* _Supplied information_
+---+
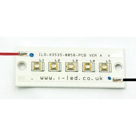 Intelligent LED Solutions 3535 PowerLinear UV LED Strips. This family of UV PowerLinear strips from Intelligent LED Solutions (ILS), houses 3535 UV LEDs from TSLC. These compact UV LEDs offer a high quality light output and are very reliable. They are compact with a 55° or 125° lens. PowerLinear series LED arrays consist of a vertical chip structure on an aluminium substrate. They offer high thermal conductivity from a compact and powerful light source. Suitable applications for the 3535 PowerLinear strips include; polymer curing, ink curing, counterfeit detection, aquarium lighting, medical/DNA sequencing and inspection equipment.. Features of the 3535 PowerLinear UV strips: 5 or 6 3535 UV LEDs Dimensions: 20 x 20 x 2 mm Comes with 200 mm connecting wires Can be linked together for longer chains Current: up to 800 mA
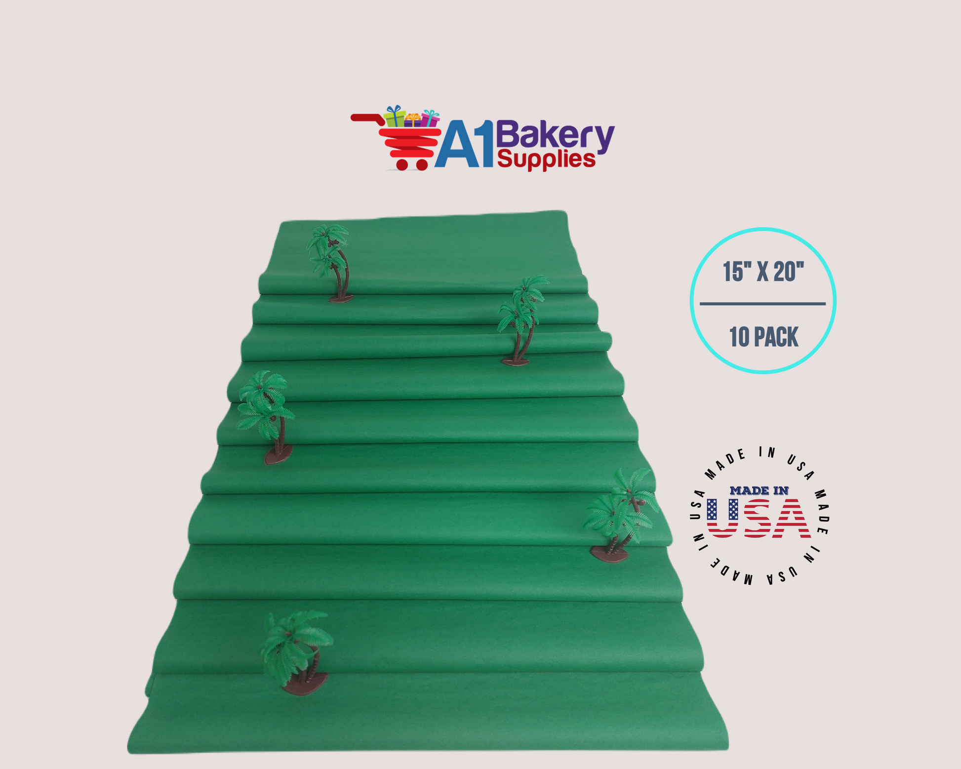 Festive Gren Tissue Paper Squares, Bulk 10 Sheets, Premium Gift Wrap and Art Supplies for Birthdays, Holidays, or Presents by A1BakerySupplies, Large 15 Inch x 20 Inch
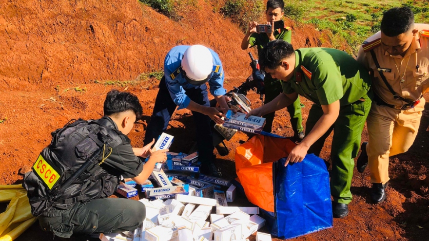 VOV.VN - Ngày 8/11, Đội Cảnh sát giao thông số 3, Công an tỉnh Bình Phước thu giữ một xe máy cùng 1.000 bao thuốc lá ngoại, do đối tượng nghi buôn lậu bỏ lại khi bị truy đuổi.
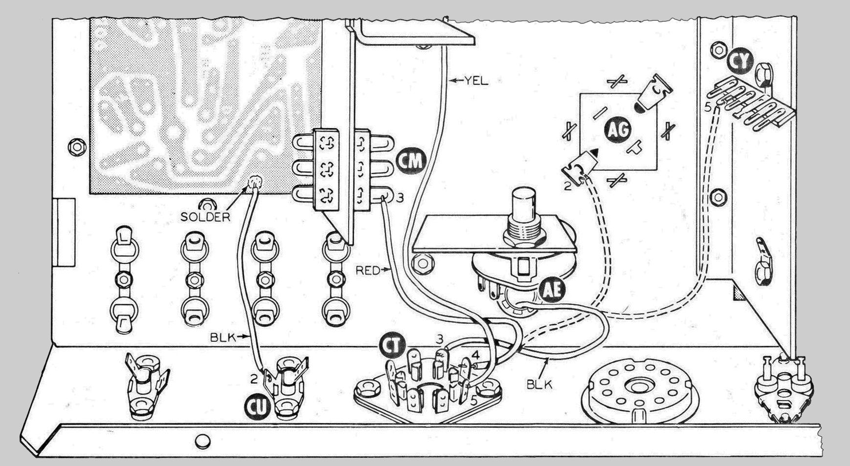 A modification of the HW-17 is required to user the HWA-17-2 FM adapter. This modification was already installed on the HW-17A. To determine if the modification is present, remove the bottom cover of the HW-17 and refer to illustration. Look for a black wire connected between lug 2 of jack CU and the circuit board as shown. Check also for a red wire connected from lug 3 of terminal strip CM to lug 4 of socket CT, and that a red wire is NOT connected to lug 2 of capacitor AG. These changes suggest the modification has been accomplished.
+---+
* _Problem to work on_
The result should be an exact copy of only the lines above from the one that holds "Festive Gren Tissue" through the one that holds "VOV.VN - Ngày", both ends included, without pictures.

* _Written response_
 Festive Gren Tissue Paper Squares, Bulk 10 Sheets, Premium Gift Wrap and Art Supplies for Birthdays, Holidays, or Presents by A1BakerySupplies, Large 15 Inch x 20 Inch
 VOV.VN - Ngày 8/11, Đội Cảnh sát giao thông số 3, Công an tỉnh Bình Phước thu giữ một xe máy cùng 1.000 bao thuốc lá ngoại, do đối tượng nghi buôn lậu bỏ lại khi bị truy đuổi.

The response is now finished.